Looking at the snail's trail, it appears that he was headed up the door, then changed his mind and turned in another direction. Maybe he forgot something. Or maybe he was running from the camera.

Sunday, February 03, 2008

How do you spell "courage"? M-A-R-I-A

Maria Shriver, first lady of California, has just taken a giant leap to the top of an ever-evolving list of people I admire. Days after her husband, Governor Arnold Schwarzenegger, endorsed Republican presidential candidate John McCain, I watched Maria take the stage at a political rally at UCLA and declare her support for Barack Obama. What a woman!

My stepfather and I used to argue politics all the time. It was fun for us, but it drove Mother nuts. I asked Mother point blank one time if she agreed with all of Daddy's political views. She said sometimes she did, sometimes she didn't, but in either case, she always told him she agreed with him. Then, she told me, when she went into the voting booth, she voted for the candidate she liked best.

The pressure on Maria Shriver to support the Republican Party or stay mum must have been substantial. Not from her husband, necessarily, but from her own knowledge that in speaking out she'd set herself up for censure from those who pull Republican Party strings. I'm sure that as I write this, there are men in suits gathering to discuss one specific agenda item: "How do you solve a problem like Maria?"

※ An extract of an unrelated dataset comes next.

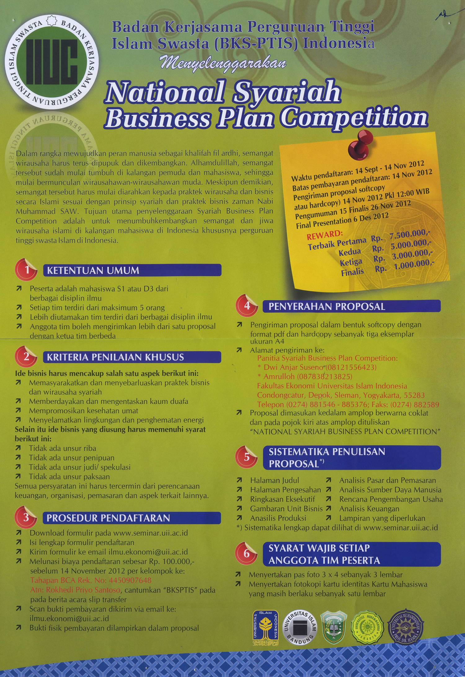 Pengiriman Proposal Softcopy atau Hardcopy : 14 November 2012, Pukul 12:00WIB

Nevertheless, there she was, her face bare of makeup, encouraging people not to be afraid to vote with their hearts, not to be afraid to take a stand. She was an unscheduled speaker. She had come, she said, after leaving with her daughter for an earlier, non-political event and realizing she needed to follow her heart to the rally at UCLA.

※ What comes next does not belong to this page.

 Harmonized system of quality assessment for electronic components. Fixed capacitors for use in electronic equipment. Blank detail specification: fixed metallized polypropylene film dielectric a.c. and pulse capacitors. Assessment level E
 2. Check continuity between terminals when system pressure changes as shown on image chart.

It's a moment I wouldn't have missed for the world. If you've noticed my absence from the blogosphere in the last few days, it's because I've been glued to the television set, flipping from one news channel to the other, listening for every word spoken by every candidate. Despite my best intentions, I've become a political junkie.

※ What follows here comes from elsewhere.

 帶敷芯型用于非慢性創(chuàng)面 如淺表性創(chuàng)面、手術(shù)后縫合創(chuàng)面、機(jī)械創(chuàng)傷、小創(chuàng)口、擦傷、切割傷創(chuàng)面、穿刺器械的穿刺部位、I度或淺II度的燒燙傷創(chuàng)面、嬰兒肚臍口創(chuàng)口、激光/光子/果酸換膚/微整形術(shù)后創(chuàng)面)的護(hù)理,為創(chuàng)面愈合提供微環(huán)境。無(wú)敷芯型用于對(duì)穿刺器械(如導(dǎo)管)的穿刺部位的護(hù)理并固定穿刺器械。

One of the things I've enjoyed most about blogging is the discovery of how much we are all alike, how much we have in common when it comes right down to our cares, our concerns, our hopes and dreams. In the blogosphere, it's our similarities, more than our differences, that draw us together. Distinctions such as gender, race, age, nationality, and sexual preference seem to blur when we read another blogger's words and recognize pieces of ourselves, our shared humanity.

Because I feel protective about those good feelings, I've never wanted to make this a political blog. In real life, I'll discuss politics with people I know well, people I trust, but certainly not with casual acquaintances. And I've never wanted my little corner of the Internet to be sullied by controversy. I still don't want that.

But today something changed for me. With the courage of her convictions, Maria Shriver stood up in front of the world and spoke her own mind. Having witnessed that moment, I can't, in good conscience, do less. So, with hope in my heart and a yearning for a leader who can inspire the best efforts of each of us, I'll stand up in the safety of this little blog and be counted as a vote for Barack Obama. If you haven't made up your minds yet, maybe you'll give him a second look.

Today, I'll put my trust in you, dear readers. I'll trust you to look into your own hearts, follow your own dreams and vote as you please. At the same time, I'll trust you not to leave comments telling me what's wrong with the candidate I like or what's wrong with me for making that choice. I'll trust you to understand that I don't even need your affirmation if you happen to agree with me. And if you choose to write about your political opinions on your own blog, I'll read whatever you have to say, give it thoughtful consideration, and still respect you in the morning.

In her speech today, Maria Shriver quoted a line from the Hopi Elders: "We are the ones we've been waiting for." Making a difference is up to us, isn't it? Follow your heart and vote for the candidate of your choice, and please don't let apathy or cynicism convince you your vote won't matter.